Apache Flink changelog state backend implementation that provides durable state management with changelog capabilities for stream processing applications
—
Core state backend configuration and initialization functionality for integrating changelog capabilities with existing Flink state backends. This capability provides the main entry point for configuring changelog-based incremental checkpointing.
Creates a new changelog state backend that wraps an existing Flink state backend to add changelog functionality.
/**
* Creates a changelog state backend wrapping the specified delegated state backend.
* The delegated state backend handles the actual state storage while changelog
* functionality is added transparently.
*
* @param stateBackend The underlying state backend to wrap (cannot be null)
* @throws IllegalArgumentException if stateBackend is null or is already a DelegatingStateBackend
*/
public ChangelogStateBackend(StateBackend stateBackend);Usage Example:
import org.apache.flink.state.changelog.ChangelogStateBackend;
import org.apache.flink.runtime.state.hashmap.HashMapStateBackend;
import org.apache.flink.contrib.streaming.state.EmbeddedRocksDBStateBackend;
// Wrap a HashMap state backend
StateBackend hashMapBackend = new HashMapStateBackend();
ChangelogStateBackend changelogHashMap = new ChangelogStateBackend(hashMapBackend);
// Wrap a RocksDB state backend
StateBackend rocksDBBackend = new EmbeddedRocksDBStateBackend();
ChangelogStateBackend changelogRocksDB = new ChangelogStateBackend(rocksDBBackend);Returns the underlying state backend that is being wrapped by the changelog state backend.
/**
* Returns the underlying state backend that this changelog state backend delegates to.
*
* @return The wrapped state backend instance
*/
public StateBackend getDelegatedStateBackend();Indicates whether the changelog state backend uses managed memory, based on the underlying delegated state backend.
/**
* Indicates whether this state backend uses Flink's managed memory.

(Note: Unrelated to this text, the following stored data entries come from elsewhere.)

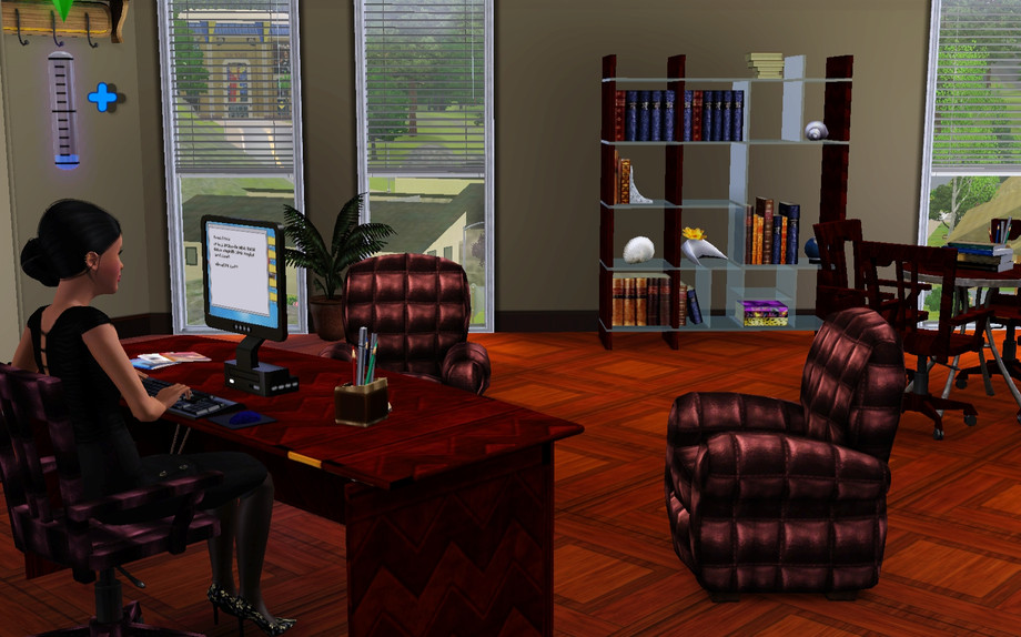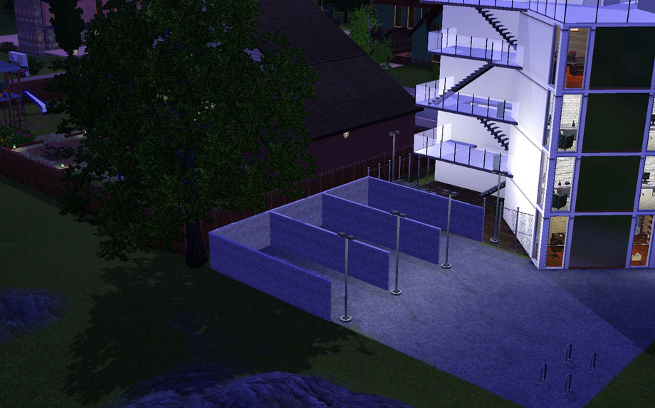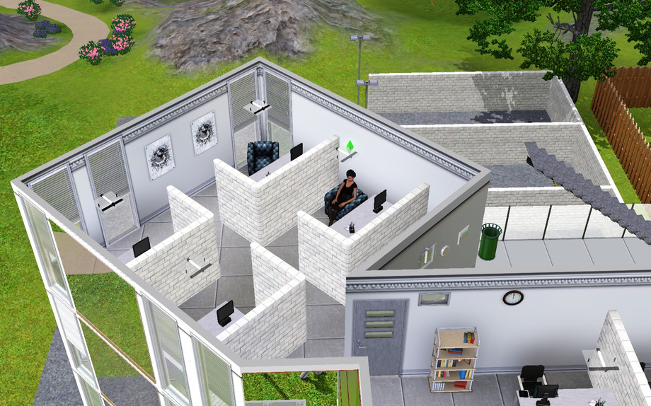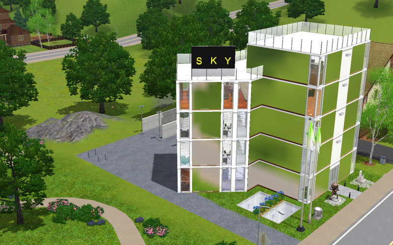 The one and only town's Skyscraper with mirror exterior, parking lots, fire escape, lobby, cubicles, conference room, president's top office.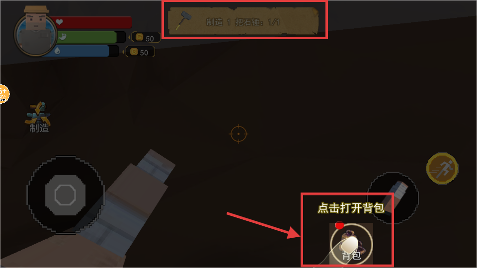 1、点击【背包】打开,查看制造【石锤】进度,管理【背包】内物品,为后续操作做准备。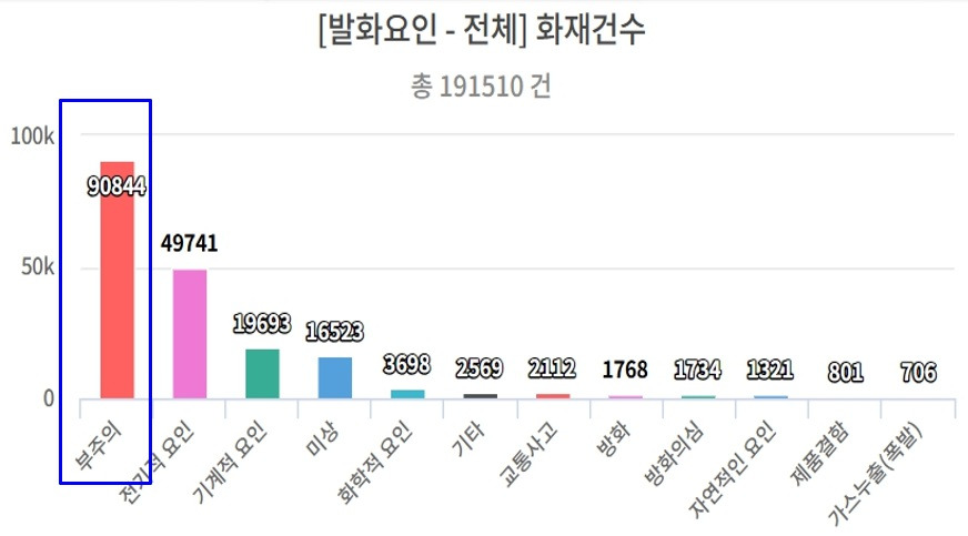 최근 5년 동안 우리나라에서 발생한 화재는 191,510건에 달한다. 그중 절반에 가까운 47%, 90,844건이 ‘부주의’로 인해 발생했다. 그저 순간의 방심이 만들어낸 결과치곤, 너무나 크고 무거운 숫자다.

* The result depends on the wrapped state backend's memory usage.
*
* @return true if the delegated state backend uses managed memory, false otherwise
*/
public boolean useManagedMemory();Configures the changelog state backend with the provided configuration and class loader. If the delegated state backend is configurable, it will be configured as well.
/**
* Configures the changelog state backend with the specified configuration.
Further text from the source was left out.